Not everything needs an LLM. The framework uses simple shell scripts to enforce preconditions — checking that a changelog was updated before committing, validating that spec files have the right sections, ensuring tests exist for new features. These run at zero token cost and catch issues before the AI even sees them.

Dynamic Context Injection

Instead of loading everything into the context window and hoping for the best, the framework figures out which steering docs and rules are relevant to the current task and injects only those. Working on the API layer? You get the architecture doc and the security rules. Working on tests? You get the testing strategy and test conventions. This keeps the context focused and the output consistent.

Assumption Confirmation

This one saved us from countless wrong turns. When the AI hits an ambiguous decision — which module should own this feature? should this be async or sync? — it surfaces the decision to the human with a recommended default instead of silently guessing. The human stays in the loop on decisions that matter, and the AI handles the execution.

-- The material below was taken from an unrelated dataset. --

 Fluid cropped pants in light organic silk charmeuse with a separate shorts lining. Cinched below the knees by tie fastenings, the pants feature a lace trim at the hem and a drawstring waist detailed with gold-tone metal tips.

Multi-Agent Parallel Execution

For discovery tasks like scanning a codebase for issues, the framework spawns multiple specialized agents in parallel — each focused on a different domain (security, performance, code quality, etc.). Think of it like CI jobs: if two agents don’t touch the same concerns, why serialize them? The results get consolidated into a single prioritized backlog.

Skill-Based Orchestration

Instead of one mega-prompt that tries to do everything, work is broken into discrete skills with focused purposes. Each skill has defined inputs, outputs, and constraints. The scan skill discovers issues. The spec skill creates specifications. The review skill validates changes. This composability is what makes the framework reliable — each piece is small enough to be predictable.

What I Learned

Building this framework changed how I think about AI-assisted development. A few takeaways:

Structure beats prompting. The best prompt in the world won’t save you if the AI doesn’t understand your project’s architecture, conventions, and constraints. Invest in context, not cleverness.

Decomposition is everything. Breaking context into focused documents, breaking workflows into discrete skills, breaking specs into three files — every time I decomposed something, the output quality jumped.

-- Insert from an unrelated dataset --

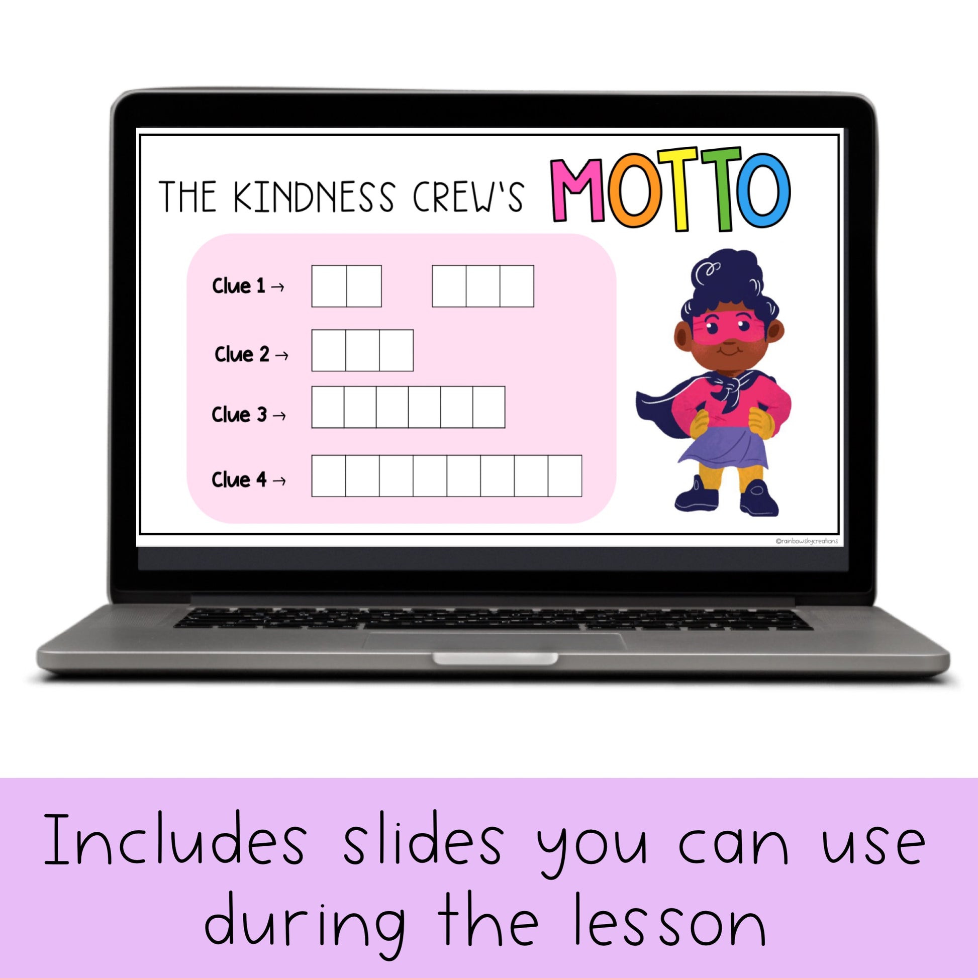 - Encourage collaboration and discussion as students decode each part of the Kindness Crew’s motto

Keep humans in the loop on decisions, not execution. The AI is great at writing code, running tasks, following patterns. It’s terrible at making architectural decisions without context. The assumption confirmation pattern — where the AI surfaces ambiguity instead of guessing — was the single biggest quality improvement.

Deterministic validation saves tokens and sanity. Not every check needs an LLM. A shell script that validates file structure is faster, cheaper, and more reliable than asking the AI to self-check.

The best AI hack isn’t a better prompt — it’s a better process.